Melanie Sloan, executive director at the Washington-based watchdog group Citizens for Responsibility and Ethics, said the Justice Department may have chosen to let Holding stay on the Edwards probe in order to avoid the appearance that a Democratic administration was hijacking the investigation.
“It would have allowed Republicans to scream cover up … that’s how they get media attention,” she said. “I don’t think the Obama administration wanted that, but I don’t think they’ll say so.”
For more than two years, Holding’s office investigated money given to Edwards’ mistress, Rielle Hunter, and an aide, Andrew Young, in an alleged attempt to cover up Edwards’s extramarital affair, which produced a child.
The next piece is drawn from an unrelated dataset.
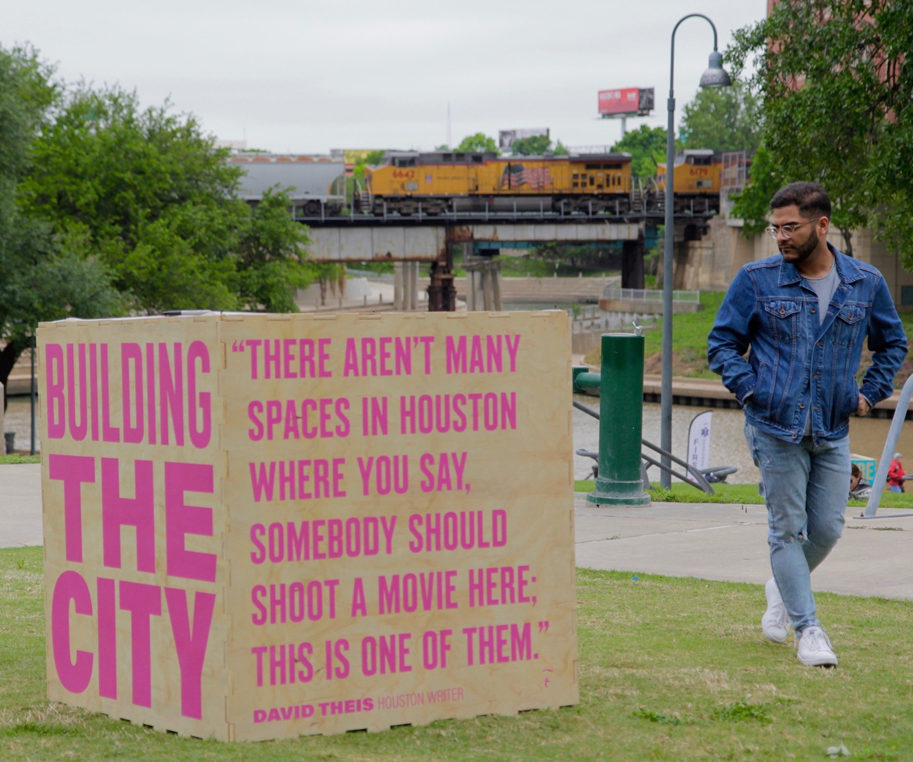 Encounter: Meeting Points on Buffalo Bayou (April 7, 2019) was a collaborative project with students from the University of Houston Graphic Design and Creative Writing Programs. This one-day event featured site-specific, text-based installations at six locations in Buffalo Bayou East. Using the sites as inspiration and vehicles for content, the students created large-scale typographic/text-based messages/stories that were activated and animated. The installations expressed interpretations of the history, economy, resilience, culture, and community values of the East Sector neighborhoods as they relate to the bayou and green spaces. Encounter won a 2019 SEGD Global Design Award in the Public Installation category.

The child was born while Edwards’s wife, Elizabeth, was struggling with the breast cancer from which she later died.
The Raleigh News and Observer reported that the Justice Department’s Public Integrity Section, based in Washington, took over the investigation in January. Justice Department spokeswoman Laura Sweeney declined to comment on the timing of Public Integrity’s involvement.
Sloan argued the Public Integrity Section’s involvement makes more political than legal sense. Proving that money contributed to Edwards’ mistress by Bunny Mellon and Fred Baron – who both have personal ties to Edwards – qualifies as a campaign contribution under the law will be difficult, she said. Instead, Sloan said she believes the administration decided there was no political downside to embracing an investigation of as reviled a figure as Edwards.
“It’s hard for me to imagine any Democrat is going to stand up for John Edwards,” she said.